For example to create a new LV called "lv1" with a 10G size out of the mytestvg VG:

 # lvcreate -n lv1 -L 10G mytestvg
  Logical volume "lv1" created

Also, just like the other elements of LVM, there is a lvscan, lvdisplay and lvs set of utilities.

 # lvs
  LV        VG        Attr   LSize  Origin Snap%  Move Log Copy%
  isos      leviathan -wi-ao 35.00G
  localhome leviathan -wi-ao 40.00G
  vmware    leviathan -wi-ao 60.00G
  lv1       mytestvg  -wi-a- 10.00G

Again, typically you would create a filesystem on a newly created LV.

 # mkfs.ext3 /dev/mytestvg/lv1
 mke2fs 1.39 (29-May-2006)
 Filesystem label=
 OS type: Linux
 Block size=4096 (log=2)
 Fragment size=4096 (log=2)
 1310720 inodes, 2621440 blocks
 131072 blocks (5.00%) reserved for the super user
 First data block=0
 Maximum filesystem blocks=2684354560
 80 block groups
 32768 blocks per group, 32768 fragments per group
 16384 inodes per group
 Superblock backups stored on blocks:
        32768, 98304, 163840, 229376, 294912, 819200, 884736, 1605632

 Writing inode tables: done
 Creating journal (32768 blocks): done
 Writing superblocks and filesystem accounting information: done

 This filesystem will be automatically checked every 39 mounts or
 180 days, whichever comes first.  Use tune2fs -c or -i to override.

Then you can create a normal mount point directory and add the following to your /etc/fstab so you can mount the new LV:

 /dev/mytestvg/lv1 /lv1 ext3 acl,user_xattr 1 2
 # mkdir /lv1
 # mount /lv1
 # df -h /lv1
 Filesystem            Size  Used Avail Use% Mounted on
 /dev/mapper/mytestvg-lv1
                      9.9G  151M  9.2G   2% /lv1

In LVM2 (second version of LVM in Linux), LVM2 makes use of something called the Device Mapper. This is why when we do the df -h /lv1 above we see /dev/mapper/mytestvg-lv1 instead of the expected /dev/mytestvg/lv1. However, you can refer to the LV using the latter (just as we did in our /etc/fstab above).

Resizing Logical Volumes and Filesystems

In addition to getting around maximum parition size, LVM is useful for creating areas of storage that can easily be resized. LVs can be grown or reduced. If you grow an LV, you can later grow the underlying filesystem to fill it. If you want to reduce an LV size, you must first shrink the filesystem and then you can reduce the LV. Just make sure to shrink the filesystem by a little bit more than you will shrink the LV. After all, you can fill the gap by expanding the filesystem to fill that later.
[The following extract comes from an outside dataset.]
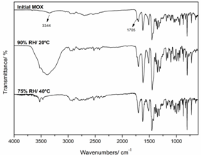The IR spectra corroborated with the results obtained by the other techniques. There were not any visible changes in IR spectra of the initial sample and the sample stored at the temperature 20 °C in 0 % RH and 40 % RH. The most important changes occurred for the samples stored at 90 % RH and 75 % RH, as illustrated in fig. 5. One of the detected changes occurred in the region of O–H stretching vibrations involved in the hydrogen bonds region from approximately 3600-3150 cm-1. The other alteration occurred in the 1705 cm-1, region of C=O stretching vibrations. These spectral variations can be attributed to the hydration of MOX due to its exposure at high humidity, as observed in the previously demonstrated results.
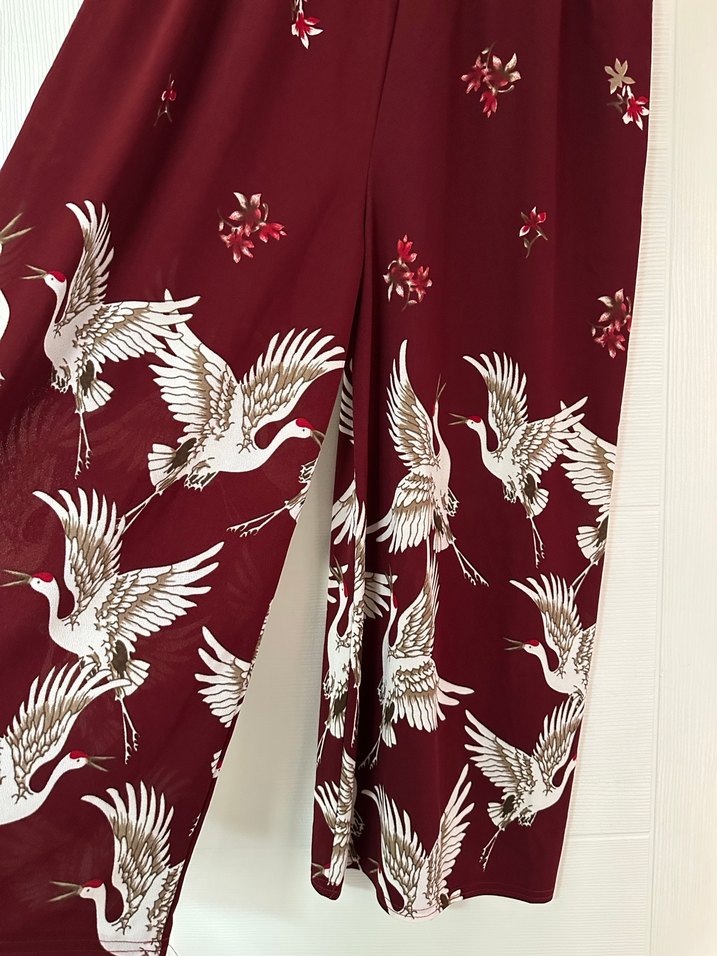Bir kez giyildi Bordo renkli, ipeksi kumaştan, nakışlı kuş desenli, salaş kesim ve drapeli kadın pantolon, bohem tarz ve düğünler için uygundur.

An LV can be extended using lvextend. An LV can be reduced by using lvreduce.

 # lvextend -L +10G /dev/mytestvg/lv1
  Extending logical volume lv1 to 20.00 GB
  Logical volume lv1 successfully resized

Once an LV has been grown in size, you will have to somehow tell the filesystem to make use of the additional space. Just growing an LV does not make the storage available for files and directories.

Resizing Ext3

The program to resize the ext3 (or ext2) filesystem is resize2fs. By default, with no arguments, it will resize the filesystem to fill the entire space of the underlying device (which in our case is an LV).

 # lvextend -L +10G /dev/mytestvg/lv1
  Extending logical volume lv1 to 20.00 GB
  Logical volume lv1 successfully resized

 # resize2fs /dev/mytestvg/lv1
 resize2fs 1.39 (29-May-2006)
 Filesystem at /dev/mytestvg/lv1 is mounted on /lv1; on-line resizing required
 Performing an on-line resize of /dev/mytestvg/lv1 to 5242880 (4k) blocks.
 The filesystem on /dev/mytestvg/lv1 is now 5242880 blocks long.

Took about 9 seconds. Not bad. The question is, will it take longer if we increase the amount of growth?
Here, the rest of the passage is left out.